What to produce:
Your copy should hold exactly the lines from the beginning of the listing below through the line with "One 1999-W $5", without any pictures.

(Record extracts Opens)

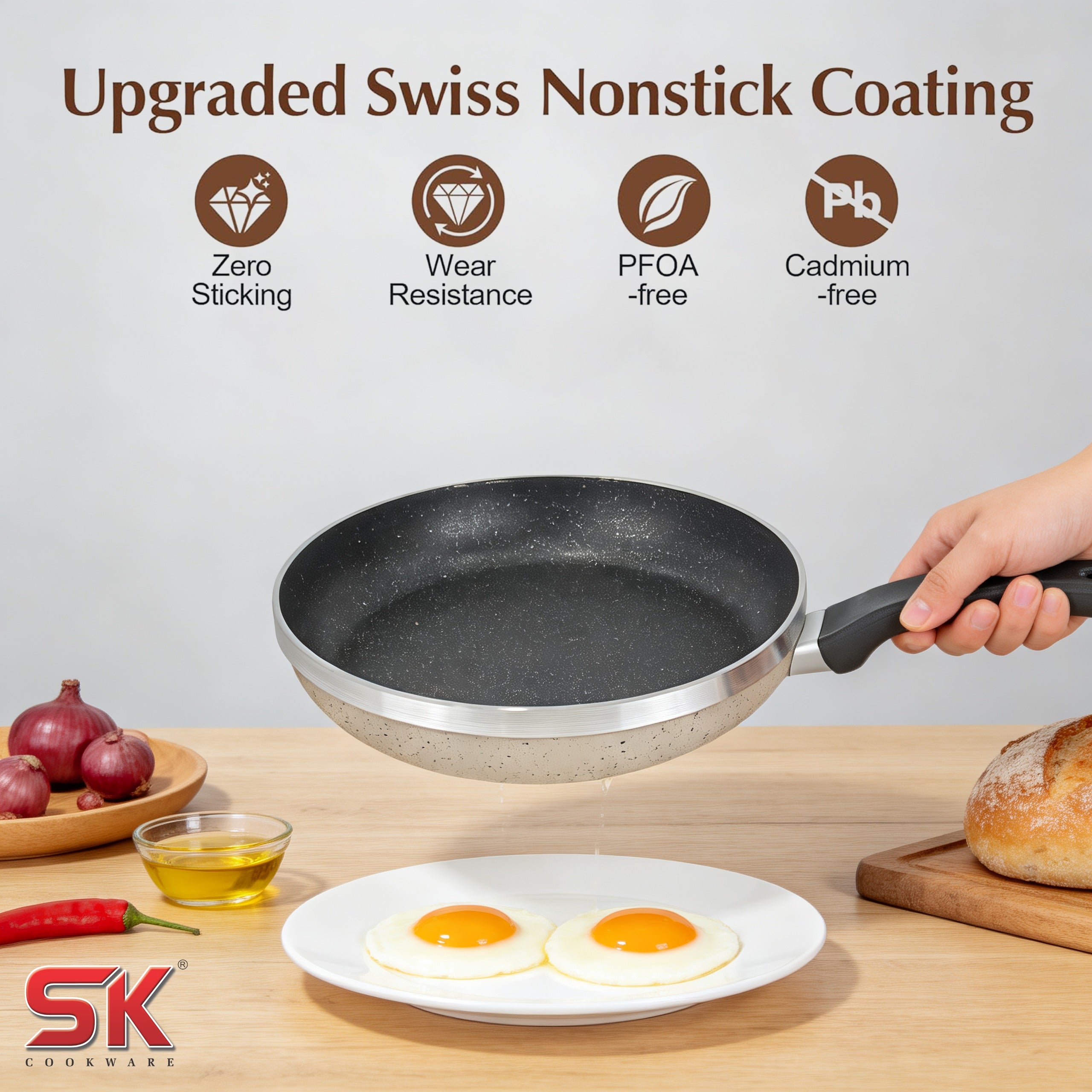 Yes, SK Cookware uses PTFE-based coatings such as Teflon™ Classic or Teflon™ Select in its non-stick products. PTFE is an FDA-approved, food-safe material that performs reliably when used correctly.
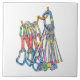 Den här utformningen illustrerar ett klätterställ i sten som har en uppsättning snabbritningar och en uppsättning trådar/sten/nöt hängande från ett klätterfyr. En färgstark design för alla som klättrar i kärlek sten.
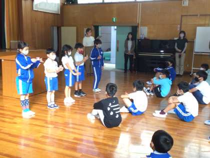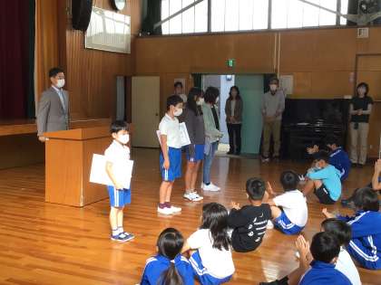 後期が始まりました。後期に向けて頑張りたいことを代表者4名がスピーチしました。さらに、夏休みの作品の表彰と、50冊以上本を借りた子へ新しいカードが渡されました。
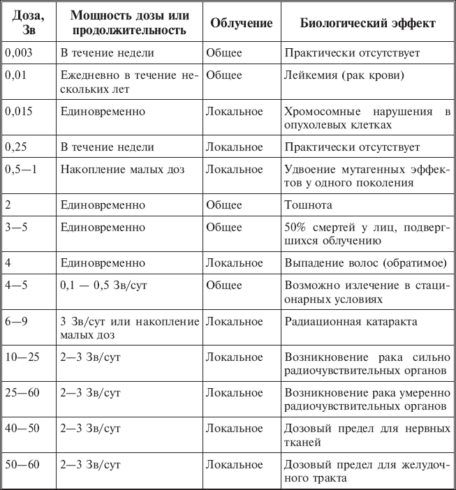 Автор не имел цели напугать читателей этой таблицей. К счастью, доз выше 0,01 Зв в повседневной жизни в доме не бывает (если, конечно, нет какого-либо форс-мажора (например, ребенок не принесет с улицы кем-то случайно забытый источник радиации со стронцием-90). Но радиационную опасность представляют и часы с фосфоресцирующим циферблатом и игрушки, которые светятся в темноте зеленоватым светом.
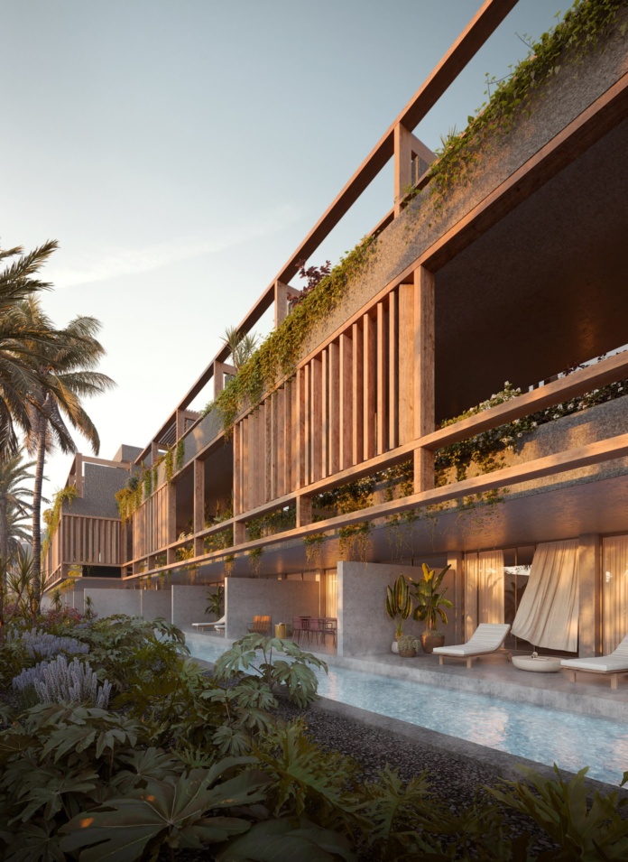 El agua y la vegetación, junto con el protagonismo de la madera, dan al resort el frescor y la armonía necesaria para crear un bello espacio de calma donde el tiempo deja de tener importancia.
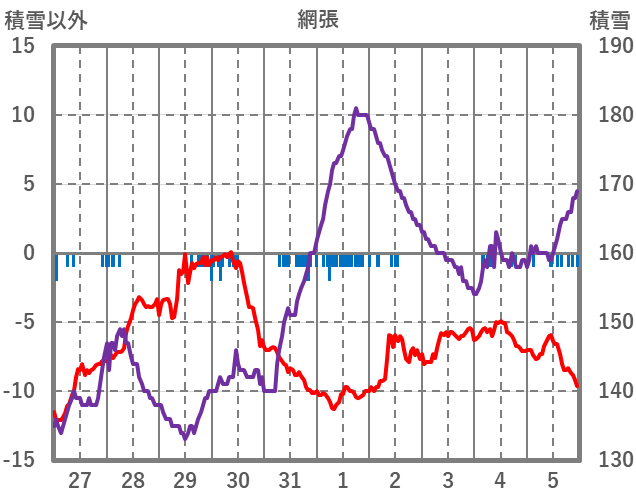 | 日 | 時 | 気温 | 降水 | 風向/風速 | 日照 | 積雪 | 降雪 |
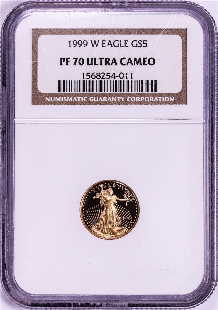One 1999-W $5 Proof American Gold Eagle Coin NGC PF70 Ultra Cameo. NGC Certified.
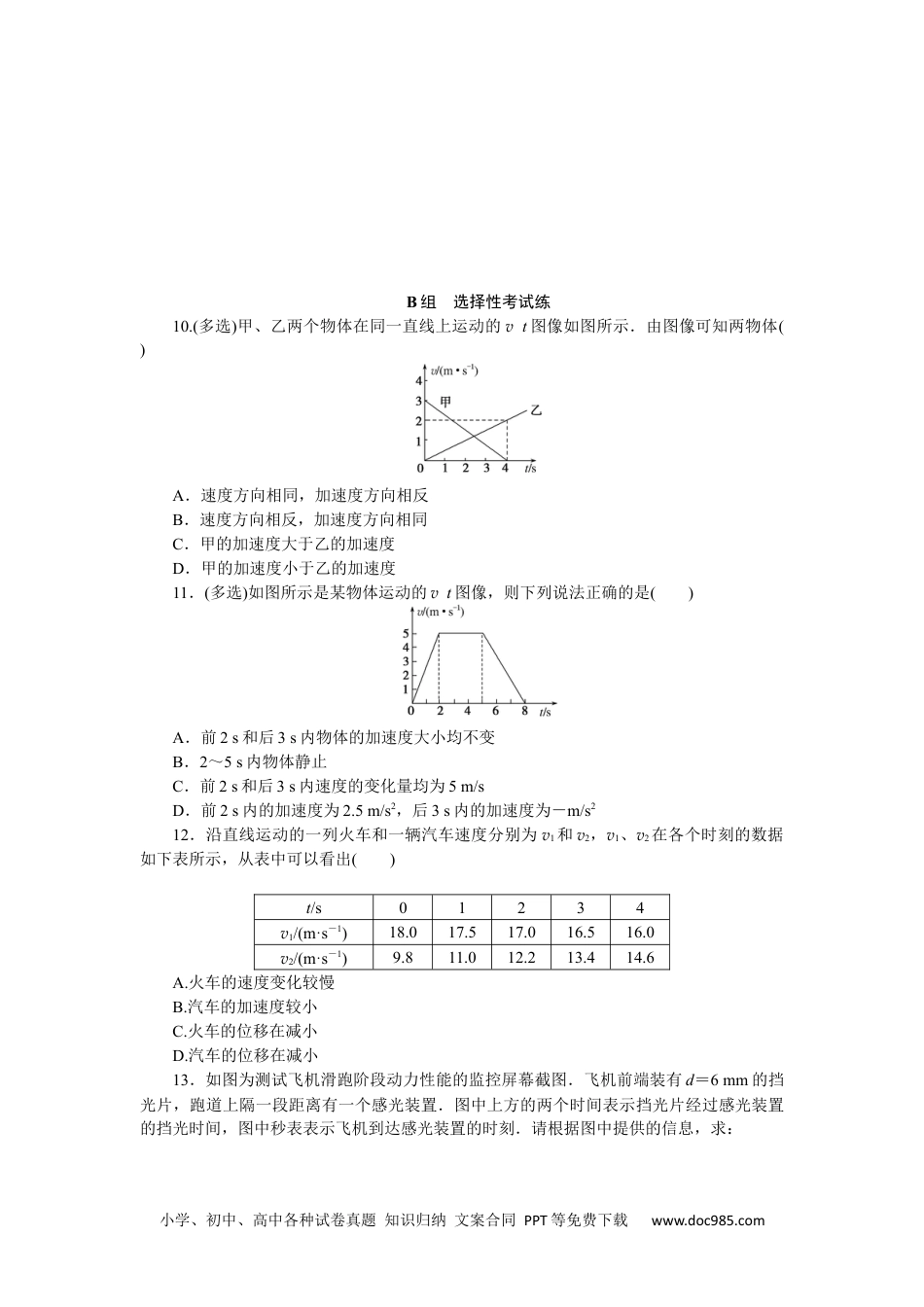 小学、初中、高中各种试卷真题知识归纳文案合同PPT等免费下载www.doc985.com课时素养评价4速度变化的快慢与方向——加速度A组合格性考试练1.关于加速度a的方向,下列说法正确的是()A.由a=可知,加速度a的方向与速度增量Δv的方向可能相反B.加速度a的方向与初速度v0的方向相同C.如果物体的加速度a的方向与初速度v0的方向相同,则物体做加速运动D.只要加速度a>0,物体就做加速运动2.一物体自原点开始在x轴上运动,其初速度v0<0,加速度a<0,若加速度不断减小直至为零,则()A.物体的速度不断减小,位移不断减小B.物体的速度不断增大,位移不断减小C.当a=0时,速度达到最大D.当a=0时,速度达到最大,位移达到最大3.新型冠状病毒感染的肺炎疫情发生以来,全国人民同舟共济、众志成城,打响了一场没有硝烟的疫情阻击战.如果将“总确诊病例人数的增加”类比成运动学中的“加速”将“总确诊病例人数的减少”类比成运动学中的“减速”,将增加和减少快慢类比成“加速度”,据此,“确诊人数增加出现减缓趋势”可以类比成运动学中的()A.速度增大,加速度减小B.速度增大,加速度增大C.速度减小,加速度增大D.速度减小,加速度减小4.小球以v1=3m/s的速度水平向右运动,碰到墙壁经Δt=0.01s后以v2=2m/s的速度沿同一直线反向弹回,如图所示.小球在这0.01s内的平均加速度的大小和方向()A.100m/s2,方向水平向右B.100m/s2,方向水平向左C.500m/s2,方向水平向左D.500m/s2,方向水平向右5.一辆汽车正在公路中行驶,关于汽车的运动,下列说法正确的是()A.汽车运动的速度改变量越大,加速度一定越大B.速度很大的汽车,其加速度可能很小,但不能为零C.汽车加速度很大时,其速度一定很大D.某时刻汽车速度为零,其加速度可能很大小学、初中、高中各种试卷真题知识归纳文案合同PPT等免费下载www.doc985.com6.乒乓球被称为中国的国球,在历次国际性的比赛中,中国队都取得了非常好的成绩.假设在某些比赛中,中国选手接住了对手打来的速度大小为30m/s的乒乓球,并将球以45m/s的速度反向扣杀,从接住到扣杀历时0.15s,则乒乓球在被扣杀时平均加速度大小为()A.50m/s2B.100m/s2C.250m/s2D.500m/s27.如图所示为某物体做直线运动的vt图像,关于物体在前5s的运动情况,下列说法正确的是()A.物体的运动方向没有发生改变B.物体运动的加速度大小不变,但方向发生了改变C.物体在前2s内做加速运动D.物体在后3s内做加速运动8.物体沿一条东西方向的水平线做直线运动,取向东为运动的正方向,其速度—时间图像如图所示,下列说法中正确的是()A.在1s末,速度为8m/sB.0~2s内,加速度为6m/s2C.6~7s内,做速度方向向西的加速运动D.10~12s内,做速度方向向东的加速运动9.篮球以6m/s的速度竖直向下碰撞地面,然后以4m/s的速度竖直向上反弹,碰地的时间为0.2s.(1)求篮球在这0.2s内速度的变化量Δv;(2)篮球在这0.2s内的加速度a==m/s2=-10m/s2.他的方法对吗?为什么?正确的方法如何?小学、初中、高中各种试卷真题知识归纳文案合同PPT等免费下载www.doc985.comB组选择性考试练10.(多选)甲、乙两个物体在同一直线上运动的vt图像如图所示.由图像可知两物体()A.速度方向相同,加速度方向相反B.速度方向相反,加速度方向相同C.甲的加速度大于乙的加速度D.甲的加速度小于乙的加速度11.(多选)如图所示是某物体运动的vt图像,则下列说法正确的是()A.前2s和后3s内物体的加速度大小均不变B.2~5s内物体静止C.前2s和后3s内速度的变化量均为5m/sD.前2s内的加速度为2.5m/s2,后3s内的加速度为-m/s212.沿直线运动的一列火车和一辆汽车速度分别为v1和v2,v1、v2在各个时刻的数据如下表所示,从表中可以看出()t/s01234v1/(m·s-1)18.017.517.016.516.0v2/(m·s-1)9.811.012.213.414.6A.火车的速度变化较慢B.汽车的加速度较小C.火车的位移在减小D.汽车的位移在减小13.如图为测试飞机滑跑阶段动力性能的监控屏幕截图.飞机前端装有d=6mm的挡光片,跑道上隔一段距离有一个感光装置.图中上方的两个时间表示挡光片经过感光装置的挡光时间,图中秒表表示飞机到达感光装置的时...

(Record extracts Closes)

Written solution:
 Yes, SK Cookware uses PTFE-based coatings such as Teflon™ Classic or Teflon™ Select in its non-stick products. PTFE is an FDA-approved, food-safe material that performs reliably when used correctly.
 Den här utformningen illustrerar ett klätterställ i sten som har en uppsättning snabbritningar och en uppsättning trådar/sten/nöt hängande från ett klätterfyr. En färgstark design för alla som klättrar i kärlek sten.
 後期が始まりました。後期に向けて頑張りたいことを代表者4名がスピーチしました。さらに、夏休みの作品の表彰と、50冊以上本を借りた子へ新しいカードが渡されました。
 Автор не имел цели напугать читателей этой таблицей. К счастью, доз выше 0,01 Зв в повседневной жизни в доме не бывает (если, конечно, нет какого-либо форс-мажора (например, ребенок не принесет с улицы кем-то случайно забытый источник радиации со стронцием-90). Но радиационную опасность представляют и часы с фосфоресцирующим циферблатом и игрушки, которые светятся в темноте зеленоватым светом.
 El agua y la vegetación, junto con el protagonismo de la madera, dan al resort el frescor y la armonía necesaria para crear un bello espacio de calma donde el tiempo deja de tener importancia.
 | 日 | 時 | 気温 | 降水 | 風向/風速 | 日照 | 積雪 | 降雪 |
One 1999-W $5 Proof American Gold Eagle Coin NGC PF70 Ultra Cameo. NGC Certified.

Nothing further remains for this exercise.